**Activity:** Transcribe the following entries letter for letter, without the pictures.

**Material for the task:**
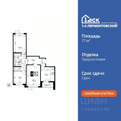 Последние квартиры с ключами по семейной ипотеке! Прямая продажа от застройщика! Жилой Комплекс класса Комфорт Плюс. Продаётся 3-к квартира номер 904 общей площадью 79.6 кв.м. на 21-м этаже 24 этажного здания. Чистовая отделка. Цена с учётом скидки. Особенности квартиры: - Просторная спальня, в которой можно разместить большую кровать. - Распашная планировка - отличное сочетание удобства и свободы. - Гостевой санузел - комфорт и удобство для ваших гостей. - Линейная кухня - функциональность и практичность в одном решении. - Ниша под шкаф - компактное и удобное место для вещей. - Кладовая - дополнительное пространство для хранения. - Лоджия - уютное место для отдыха и тишины. Информация о комплексе: Ощущение уютного дома должно начинаться с подъезда. Мы постарались предусмотреть все нюансы, чтобы наши лифты отвечали самым строгим современным требованиям. Двор без машин, закрытое, безопасное, охраняемое место с удобным доступом для вашего авто, более чистый воздух и гарантированное место для стоянки - и это далеко не преимущества наличия подземного паркинга. А наличие кладовых позволит вам поддерживать идеальный порядок и уют в вашей квартире! "1-й Лермонтовский" расположился недалеко от уже сложившегося зеленого окружения - Люберецкого парка и Жулебинского лесопарка, переходящего в природно - исторический парк "Кузьминки". Если вы предпочитаете активный семейный отдых на свежем воздухе - в округе мест для него предостаточно. С востока он граничит со столичным районом Некрасовка. С северной стороны - с развитым современным микрорайоном "Красная Горка". Удачное расположение дарит жильцам возможность передвижения как на своем автомобиле, так и на общественном транспорте. Транспортная доступность: В шаговой доступности ж/д станция "Люберцы-1". 5 минут на автомобиле до станций метро "Некрасовка", "Котельники", "Лермонтовский проспект" Внутренняя инфраструктура: Свободно перемещайтесь по внутренней территории в безбарьерной среде! На территории комплекса созданы все условия как для активного образа жизни, так и для спокойного времяпрепровождения: - игровые площадки для детей разного возраста. - площадки воркаута, спортивные комплексы с зонами для детского и взрослого спорта. - зоны отдыха с пешеходными дорожками и аллеями. Также, к вашим услугам: 4 общеобразовательные школы, 7 детских садов, спортивные и танцевальные, школы, поликлиники, множество магазинов и супер-маркетов, включая Ашан и несколько крупных ТЦ в шаговой доступности.
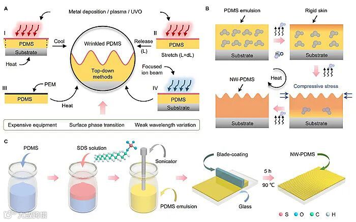 褶皱结构广泛存在于日常生活中,如时光流逝在我们眼角留下的褶皱,水分蒸发在水果表面产生的褶皱。虽然褶皱有时困扰我们的生活,但是其为材料世界却带来诸多新奇现象。褶皱结构可以调控材料机械性能、光学性能以及润湿性能等,在可调控光学、生物医疗、清洁能源以及可穿戴电子等领域具有广泛应用。聚二甲基硅氧烷(PDMS)因具有制备简单、生物相容性、可拉伸性及透明度高等优点,是褶皱结构的主要研究材料。而目前PDMS褶皱薄膜的制备主要通过等离子体、紫外光辐照或金属薄膜沉积,结合预拉伸或加热冷却的方式实现,这些手段往往需要昂贵的设备,无法大规模制备,并且难以构建纳米尺度褶皱,限制了褶皱结构材料的商业化与进一步应用。
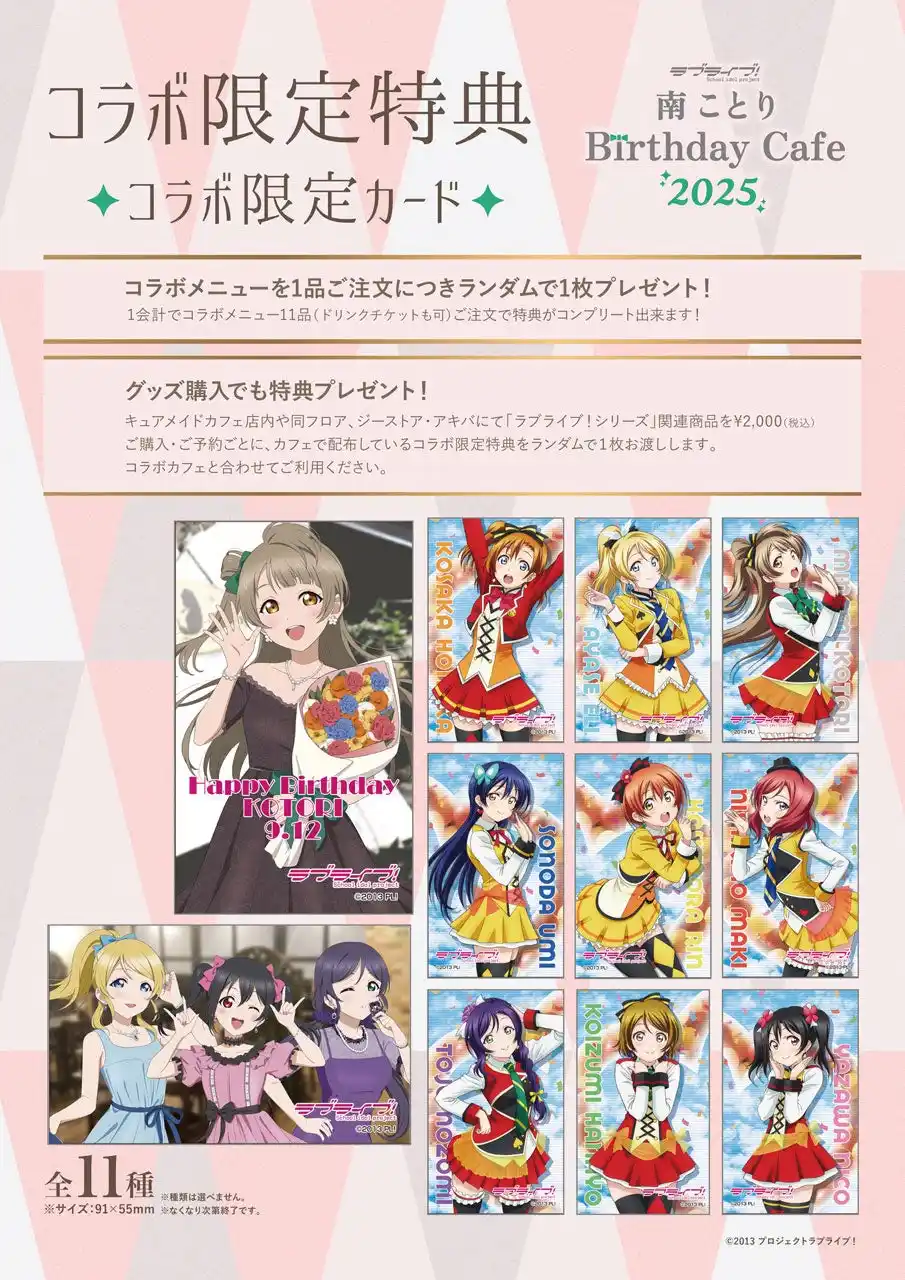 共通特典として、カフェにて「ラブライブ!シリーズ」関連商品を3,000(税)ご購入ごとに「ラブライブ!」南 ことり Birthday Cafe 2025とコラボした特別なPRカードをプレゼントいたします。 |
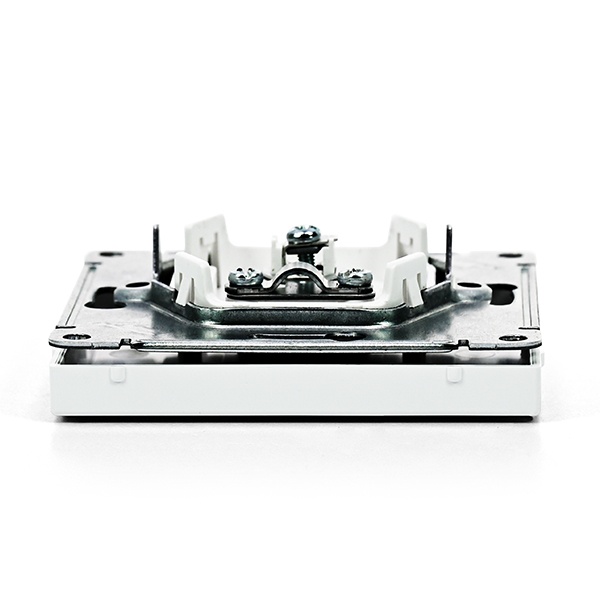 Лицевая панель данной телевизионной розетки изготовлена в стиле классического дизайна - это четкие прямые линии и углы, образующие квадрат, в центре которого располагается разъем для подключения телевизионного приемника.
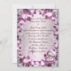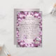 flores moradas de bonito sobre un fondo morado. Esta hermosa invitación a la boda es una manera moderna y elegante de invitar a la familia y amigos a su boda. Personalice la tarjeta cambiando el texto en los campos proporcionados delante y atrás. Puede cambiar el estilo de fuente, el tamaño y el color, así como el tipo y estilo de papel.
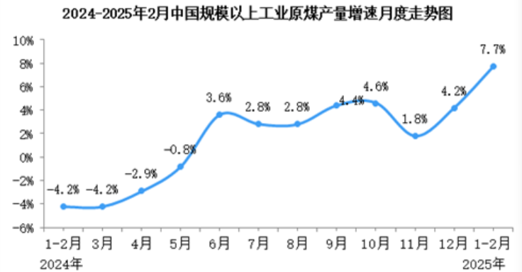 原煤生產(chǎn)增速加快。1—2月份,規(guī)上工業(yè)原煤產(chǎn)量7.7億噸,同比增長7.7%,增速比上年12月份加快3.5個百分點;日均產(chǎn)量1297萬噸。
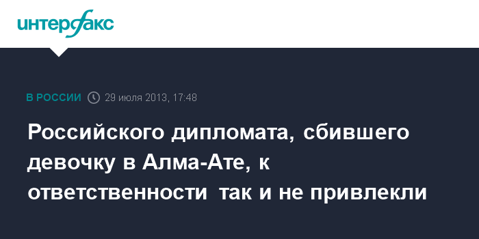 Алматы. 29 июля. INTERFAX.RU - Правоохранительные органы РФ не смогли привлечь к ответственности российского дипломата Андрея Мамаева, сбившего на электромобиле в парке в Алматы девочку Лилию Сметанину.
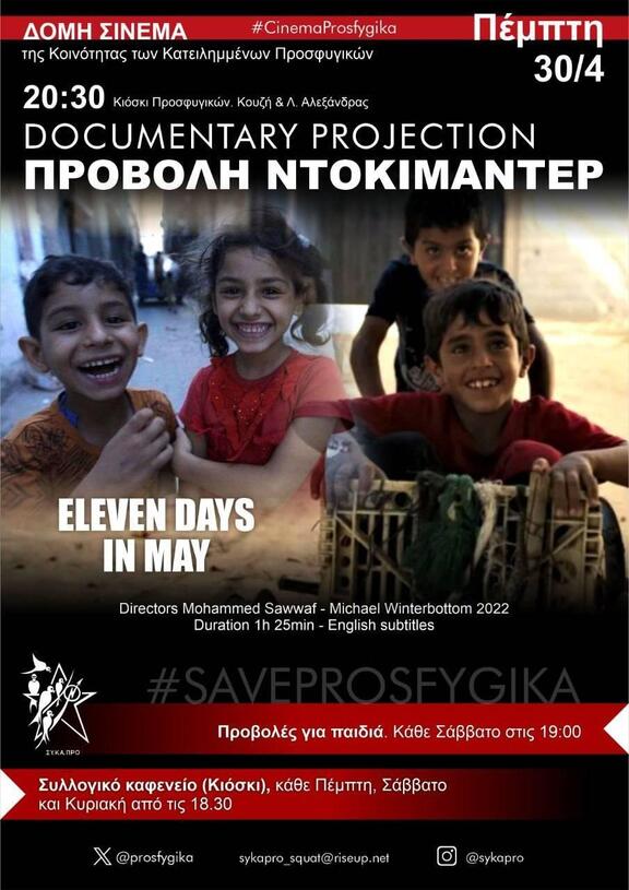Την Πέμπτη 30/4 στις 20:30 στο Κιόσκι των Προσφυγικών (Λ. Αλεξάνδρας & Κούζη) θα προβληθεί το ντοκιμαντέρ "Eleven Days in May", σκηνοθετημένο απο τους Mohammed Sawwaf και Michael Winterbottom το 2022. Η ταινία έχει διάρκεια 1 ώρα και 25 λεπτά και έχει αγγλικούς υπότιτλους.

**Completed exercise:**
 Последние квартиры с ключами по семейной ипотеке! Прямая продажа от застройщика! Жилой Комплекс класса Комфорт Плюс. Продаётся 3-к квартира номер 904 общей площадью 79.6 кв.м. на 21-м этаже 24 этажного здания. Чистовая отделка. Цена с учётом скидки. Особенности квартиры: - Просторная спальня, в которой можно разместить большую кровать. - Распашная планировка - отличное сочетание удобства и свободы. - Гостевой санузел - комфорт и удобство для ваших гостей. - Линейная кухня - функциональность и практичность в одном решении. - Ниша под шкаф - компактное и удобное место для вещей. - Кладовая - дополнительное пространство для хранения. - Лоджия - уютное место для отдыха и тишины. Информация о комплексе: Ощущение уютного дома должно начинаться с подъезда. Мы постарались предусмотреть все нюансы, чтобы наши лифты отвечали самым строгим современным требованиям. Двор без машин, закрытое, безопасное, охраняемое место с удобным доступом для вашего авто, более чистый воздух и гарантированное место для стоянки - и это далеко не преимущества наличия подземного паркинга. А наличие кладовых позволит вам поддерживать идеальный порядок и уют в вашей квартире! "1-й Лермонтовский" расположился недалеко от уже сложившегося зеленого окружения - Люберецкого парка и Жулебинского лесопарка, переходящего в природно - исторический парк "Кузьминки". Если вы предпочитаете активный семейный отдых на свежем воздухе - в округе мест для него предостаточно. С востока он граничит со столичным районом Некрасовка. С северной стороны - с развитым современным микрорайоном "Красная Горка". Удачное расположение дарит жильцам возможность передвижения как на своем автомобиле, так и на общественном транспорте. Транспортная доступность: В шаговой доступности ж/д станция "Люберцы-1". 5 минут на автомобиле до станций метро "Некрасовка", "Котельники", "Лермонтовский проспект" Внутренняя инфраструктура: Свободно перемещайтесь по внутренней территории в безбарьерной среде! На территории комплекса созданы все условия как для активного образа жизни, так и для спокойного времяпрепровождения: - игровые площадки для детей разного возраста. - площадки воркаута, спортивные комплексы с зонами для детского и взрослого спорта. - зоны отдыха с пешеходными дорожками и аллеями. Также, к вашим услугам: 4 общеобразовательные школы, 7 детских садов, спортивные и танцевальные, школы, поликлиники, множество магазинов и супер-маркетов, включая Ашан и несколько крупных ТЦ в шаговой доступности.
 褶皱结构广泛存在于日常生活中,如时光流逝在我们眼角留下的褶皱,水分蒸发在水果表面产生的褶皱。虽然褶皱有时困扰我们的生活,但是其为材料世界却带来诸多新奇现象。褶皱结构可以调控材料机械性能、光学性能以及润湿性能等,在可调控光学、生物医疗、清洁能源以及可穿戴电子等领域具有广泛应用。聚二甲基硅氧烷(PDMS)因具有制备简单、生物相容性、可拉伸性及透明度高等优点,是褶皱结构的主要研究材料。而目前PDMS褶皱薄膜的制备主要通过等离子体、紫外光辐照或金属薄膜沉积,结合预拉伸或加热冷却的方式实现,这些手段往往需要昂贵的设备,无法大规模制备,并且难以构建纳米尺度褶皱,限制了褶皱结构材料的商业化与进一步应用。
 共通特典として、カフェにて「ラブライブ!シリーズ」関連商品を3,000(税)ご購入ごとに「ラブライブ!」南 ことり Birthday Cafe 2025とコラボした特別なPRカードをプレゼントいたします。 |
 Лицевая панель данной телевизионной розетки изготовлена в стиле классического дизайна - это четкие прямые линии и углы, образующие квадрат, в центре которого располагается разъем для подключения телевизионного приемника.
 flores moradas de bonito sobre un fondo morado. Esta hermosa invitación a la boda es una manera moderna y elegante de invitar a la familia y amigos a su boda. Personalice la tarjeta cambiando el texto en los campos proporcionados delante y atrás. Puede cambiar el estilo de fuente, el tamaño y el color, así como el tipo y estilo de papel.
 原煤生產(chǎn)增速加快。1—2月份,規(guī)上工業(yè)原煤產(chǎn)量7.7億噸,同比增長7.7%,增速比上年12月份加快3.5個百分點;日均產(chǎn)量1297萬噸。
 Алматы. 29 июля. INTERFAX.RU - Правоохранительные органы РФ не смогли привлечь к ответственности российского дипломата Андрея Мамаева, сбившего на электромобиле в парке в Алматы девочку Лилию Сметанину.
Την Πέμπτη 30/4 στις 20:30 στο Κιόσκι των Προσφυγικών (Λ. Αλεξάνδρας & Κούζη) θα προβληθεί το ντοκιμαντέρ "Eleven Days in May", σκηνοθετημένο απο τους Mohammed Sawwaf και Michael Winterbottom το 2022. Η ταινία έχει διάρκεια 1 ώρα και 25 λεπτά και έχει αγγλικούς υπότιτλους.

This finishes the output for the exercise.